Do the C++20's strict aliasing rules [basic.lval]/11 arbitrarily allow following...

  1. cast between char* and char8_t*
string str = "string";
u8string u8str { (char8_t*) &*str.data() }; // c++20 u8string

u8string u8str2 = u8"zß水🍌"
string str2 { (char*) u8str2.data() };
  1. cast between uint32_t*, uint_least32_t* and char32_t*
vector<uint32_t> ui32vec = { 0x007a, 0x00df, 0x6c34, 0x0001f34c };
u32string u32str { (char32_t*) &*ui32vec.data(), ui32vec.size() };

u32string u32str2 = U"zß水🍌"
vector<uint32_t> ui32vec2 { (uint32_t*) &*u32str2.begin(),
                            (uint32_t*) &*u32str2.end() };
  1. cast between uint16_t*, uint_least16_t* and char16_t*
vector<uint16_t> ui16vec = { 0x007a, 0x00df, 0x6c34, 0xd83c, 0xdf4c };
u16string u16str { (char16_t*) &*ui16vec.data(), ui16vec.size() };

u16string u16str2 = u"zß水\ud83c\udf4c"
vector<uint16_t> ui16vec2 { (uint16_t*) &*u16str2.begin(),
                            (uint16_t*) &*u16str2.end() };

Update

basic_string contructor overload (6)

template< class InputIt >    
basic_string( InputIt first, InputIt last,
              const Allocator& alloc = Allocator() );

vector constuctor overload (4)

template< class InputIt >    
vector( InputIt first, InputIt last,
        const Allocator& alloc = Allocator() );

I wonder whether it is okey to go with LegacyInputIterator constructors?...

  1. char* and char8_t* as LegacyInputIterator
string str = "string";
u8string u8str {   str.begin(),   str.end()  };
u8string u8str { &*str.begin(), &*str.end()  };

u8string u8str2 = u8"zß水🍌"
string str2 {   u8str2.begin(),   u8str2.end() };
string str2 { &*u8str2.begin(), &*u8str2.end() };
  1. uint32_t*, uint_least32_t* and char32_t* as LegacyInputIterator
vector<uint32_t> ui32vec = { 0x007a, 0x00df, 0x6c34, 0x0001f34c };
u32string u32str {   ui32vec.begin(),   ui32vec.end() };
u32string u32str { &*ui32vec.begin(), &*ui32vec.end() };

u32string u32str2 = U"zß水🍌"
vector<uint32_t> ui32vec2 { u32str2.begin(),
                            u32str2.end() };
vector<uint32_t> ui32vec2 { &*u32str2.begin(),
                            &*u32str2.end() };
  1. uint16_t*, uint_least16_t* and char16_t* as LegacyInputIterator
vector<uint16_t> ui16vec = { 0x007a, 0x00df, 0x6c34, 0xd83c, 0xdf4c };
u16string u16str {   ui16vec.begin(),   ui16vec.end() };
u16string u16str { &*ui16vec.begin(), &*ui16vec.end() };

u16string u16str2 = u"zß水\ud83c\udf4c"
vector<uint16_t> ui16vec2 { u16str2.begin(),
                            u16str2.end() };
vector<uint16_t> ui16vec2 { &*u16str2.begin(),
                            &*u16str2.end() };
Siberia answered 2/6, 2019 at 12:57 Comment(3)
@curiousguy: They are not typedefs.

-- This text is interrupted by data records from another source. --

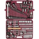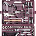 КомплектацияГоловки торцевые 1/4"DR, 9 шт. 4, 4.5, 5, 5.5, 6, 7, 8, 9, 10 ммГоловки торцевые 1/4"DR внешний TORX®, 5 шт. E4, E5, E6, E7, E8Трещоточная рукоятка 1/4"DR 150 мм, 48 зубцовВороток т-образный 1/4"DR 110 ммШарнир карданный 1/4"DR 35 ммУдлинители 1/4"DR, 3 шт. 50, 100, 150 ммГибкий удлинитель 1/4"DR 150 ммОтверточная рукоятка 1/4"DR 150 ммАдаптер для вставок-бит 1/4"DR х 1/4"НDRВставки-биты 1/4"HDR L=25 мм, 26 шт. (РН) 0, 1, 2, 3; (PZ) 0, 1, 2, 3; (SL) 4, 5.5, 7 (H) 2, 3, 4, 5, 6, 7, 8, 10 мм (T) Т10, Т15, Т20, Т25, Т27, Т30, Т40Головки торцевые 3/8"DR, 15 шт. 6, 7, 8, 9, 10, 11, 12, 13, 14, 15, 17, 18, 19, 21, 22 ммТрещоточная рукоятка с гибкой головкой 3/8"DR 250 мм, 48 зубцовУдлинители 3/8"DR, 2 шт. 75, 150 ммШарнир карданный 3/8"DR 50 ммАдаптер трехстороннийГоловки торцевые 1/2"DR, 19 шт. 8, 10, 12, 13, 14, 15, 16, 17, 18, 19, 20, 21, 22, 23, 24, 25, 27, 30, 32 ммГоловки торцевые 1/2"DR внешний TORX®, 5 шт. E10, E12, E14, E16, E20Головки свечные 1/2"DR, 2 шт. 16, 21 ммТрещоточная рукоятка 1/2"DR 250 мм, 48 зубцовВороток гибкая рукоятка 1/2"DR 375 ммВороток г-образный двусторонний 1/2"DR 250 ммУдлинители 1/2"DR, 2 шт. 75, 250 ммШарнир карданный 1/2"DR 70 ммАдаптер трехсторонний 1/2"DRКлючи комбинированные, 17 шт. 6, 7, 8, 9, 10, 11, 12, 13, 14, 15, 16, 17, 18, 19, 21, 22, 24 ммКлючи разрезные, 5 шт. 8х10, 10х12, 11х13, 12х14, 17х19 ммКлючи торцевые шестигранные, 10 шт. 2.5, 3, 4, 5, 6, 7, 8, 10, 12, 14 ммОтвертки 6 шт. (РН) 2х38 мм, 2х100 мм, 2х100 мм (ударная) (SL) 6х38 мм, 6х150 мм, 6.5х150 мм (ударная)Молоток 0,3 кгПассатижи 175 ммРучные тиски 250 мм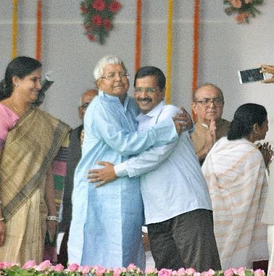 The Delhi chief minister faced flak from various quarters for hugging Lalu, a convict in the fodder scam, at the oath-taking ceremony of Kumar on November 2O. Expelled AAP leader Yogendra Yadav described it as a "shameful" act.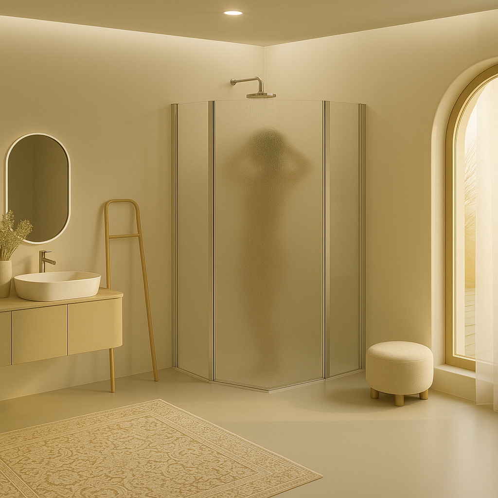 Eckeinstieg Duschkabine Modell Matilde, 90x90x 180 cm. Die Befestigung der Glastüren an der Wand über ein Alu-U-Profil, in das das Profil mit dem Drehscharnier mit Glas-Falttür eingeschoben und mit 3 winzigen Blechschrauben gesichert wird, kommt mir etwas lausig vor. Ich hoffe, der Hersteller hat si...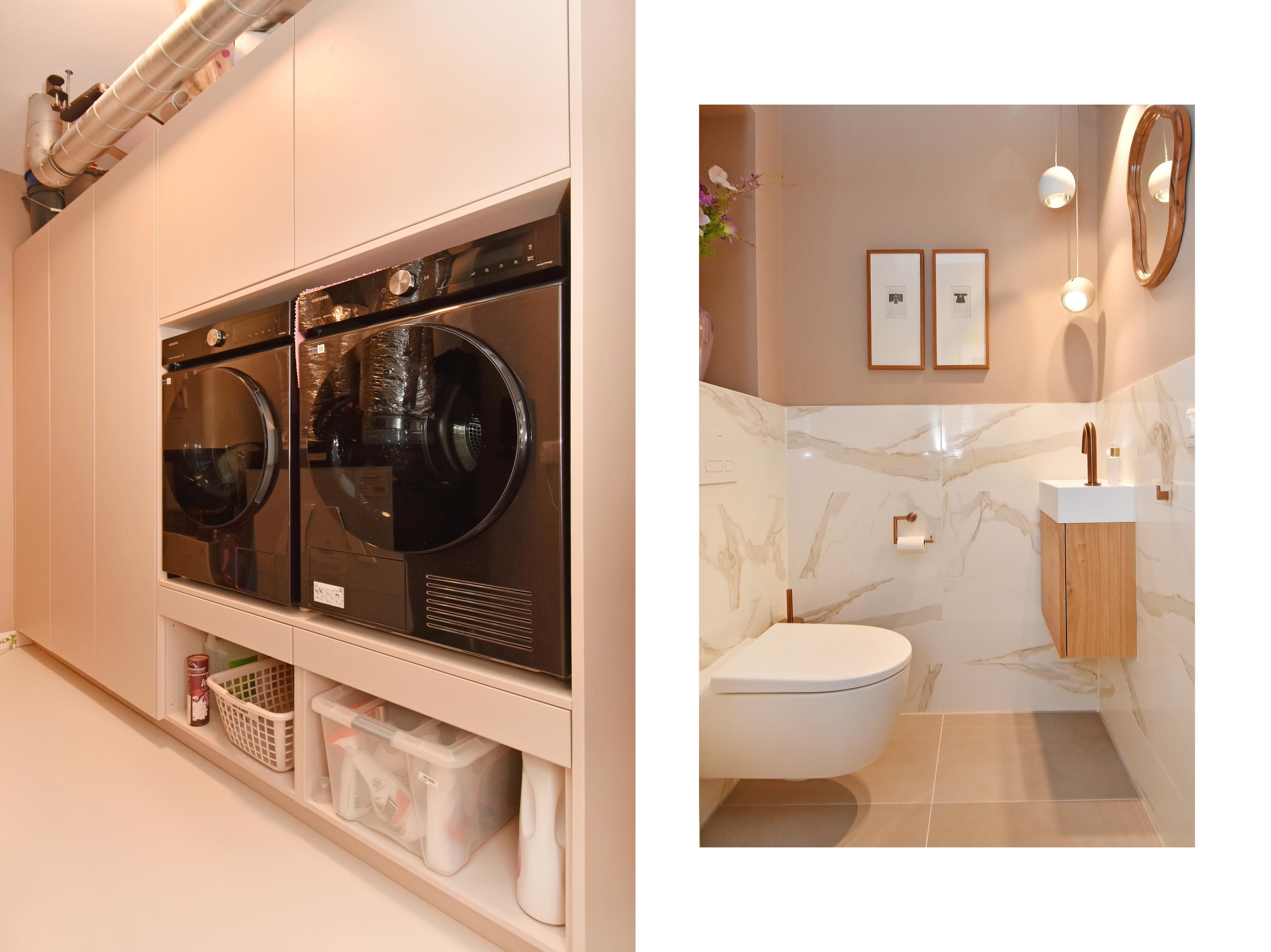 The contemporary bathroom is designed according to the latest trends and equipped with a walk-in shower, elegant washbasin unit, and bathtub. There is also a separate toilet and a practical storage room with custom-made cabinetry for the washing machine and dryer. This is also where the heat recovery unit (WTW) and heat pump are located.
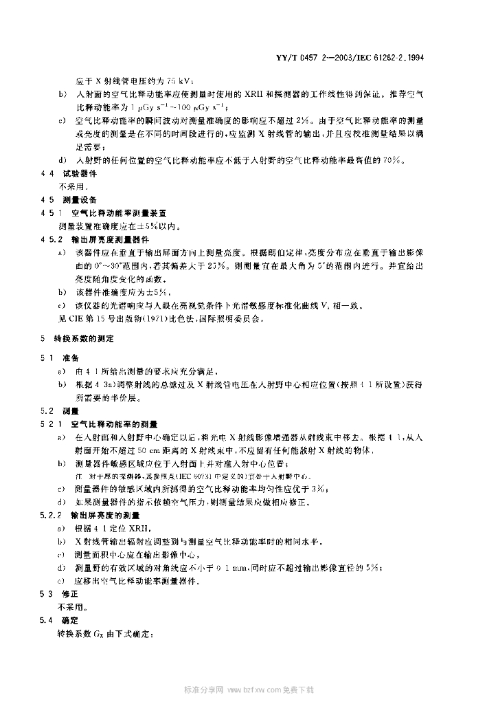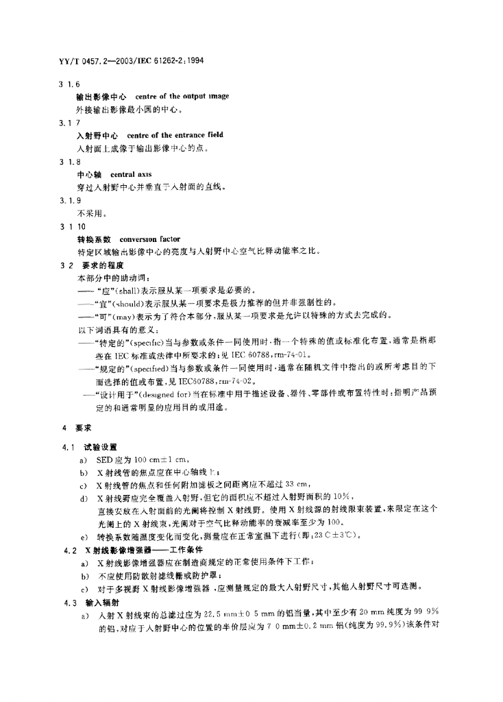 YY/T 0457.2-2003/IEC 61262-2.1994 医用电气设备光电X射线影像增强器特性 第2部分:转换系数的测定

They are distinct types (which do have underlying types).Coracle
@curiousguy: It depends on what "these" you're talking about. Since the question was pretty focused on the char*_t, I assumed that's what you were talking about. Those are not typedefs, and cplusplus.com doesn't say that they are.Coracle
@NicolBolas I'm sorry for the confusion. I meant those identifiers in the Q which are typedef (uint32_t, uint_least32_t, uint16_t, uint_least16_t); it depends which type they represent.Kershaw
C
9

The char*_t line of types do not have any special aliasing rules. Therefore, the standard rules apply. And those rules do not have exceptions for conversion between underlying types.

So most of what you did is UB. The one case that isn't UB is char due to its special nature. You can in fact read the bytes of a char8_t as an array of char. But you can't do the opposite, reading the bytes of a char array as char8_t.

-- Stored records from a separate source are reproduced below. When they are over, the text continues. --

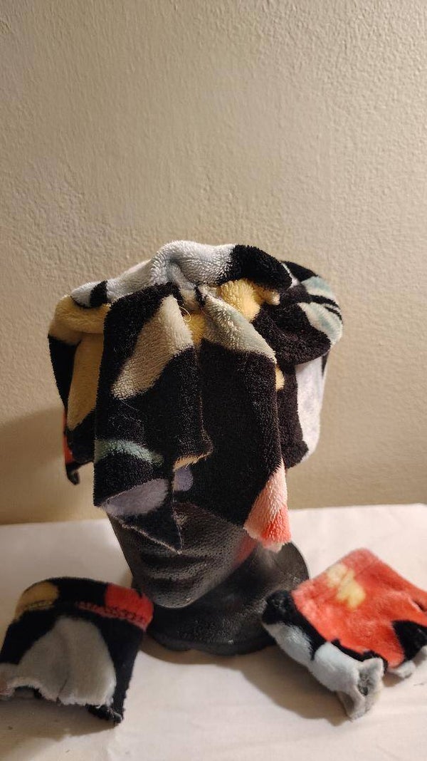 A plush flowered hat size medium unsex hat an oringal,has matching fabric braclets,twenty two inches aroundthe crown.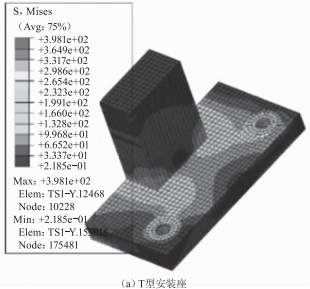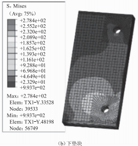 此類型結(jié)構(gòu)各個(gè)部件設(shè)計(jì)的剛度匹配問題,使其在承載過程中下墊塊邊緣處容易對(duì)復(fù)材層合板造成擠壓甚至剪切,進(jìn)而導(dǎo)致層合板局部應(yīng)力集中直至損傷斷裂。為了驗(yàn)證該T型典型結(jié)構(gòu)連接區(qū)域設(shè)計(jì)的合理性,通過有限元仿真技術(shù)進(jìn)行計(jì)算分析。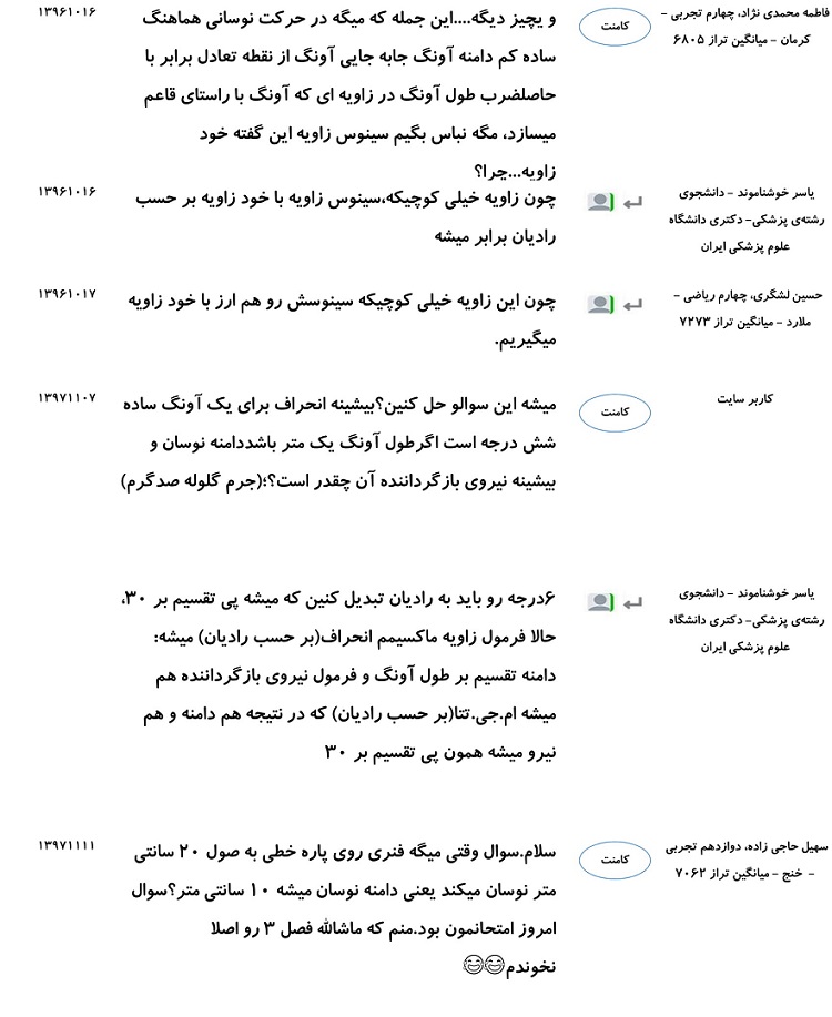 در این مطلب مجموعه پرسش و پاسخ های شما دانش آموزان در رابطه با مبحث نوسان را گردآوری کرده ایم. امیدواریم خواندن این کامنت ها در درک بهتر این مبحث به شما کمک کند.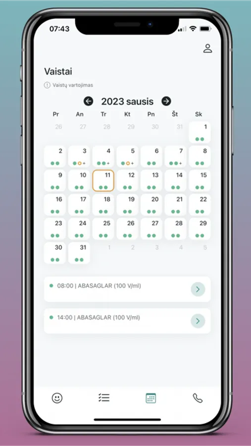 Siekiant geriau valdyti psichikos sutrikimo atkrytį, programėlė teikia priminimus apie paskirtus medikamentus. Nurodytų laiku vartotojui ateina priminimas išgerti atitinkamą vaistą. O taip pat greta pateikiama nuorodą į vartojamo vaisto informacinį lapelį – taip vartotojui yra lengvai prieinama informacija, nukreipianti į patikimą šaltinį. Vaistų vartojimas yra registruojamas: asmuo nurodo, ar vaistą suvartojo, ar ne. O ši apibendrinta informacija yra pateikiama paveikslėlyje, tokiu būdu suteikiant galimybę stebėti vaistų suvartojimą.

Now, these types are completely convertible to each other. So you can convert the values in those array to the other type anytime you want.

All that being said, on real implementations those things will almost certainly work. Well, until they don't, because you tried to change one thing through a thing that it's not supposed to be changed by, and the compiler doesn't reload the changed value because it assumed that it couldn't have been changed. So really, just use the correct, meaningful type.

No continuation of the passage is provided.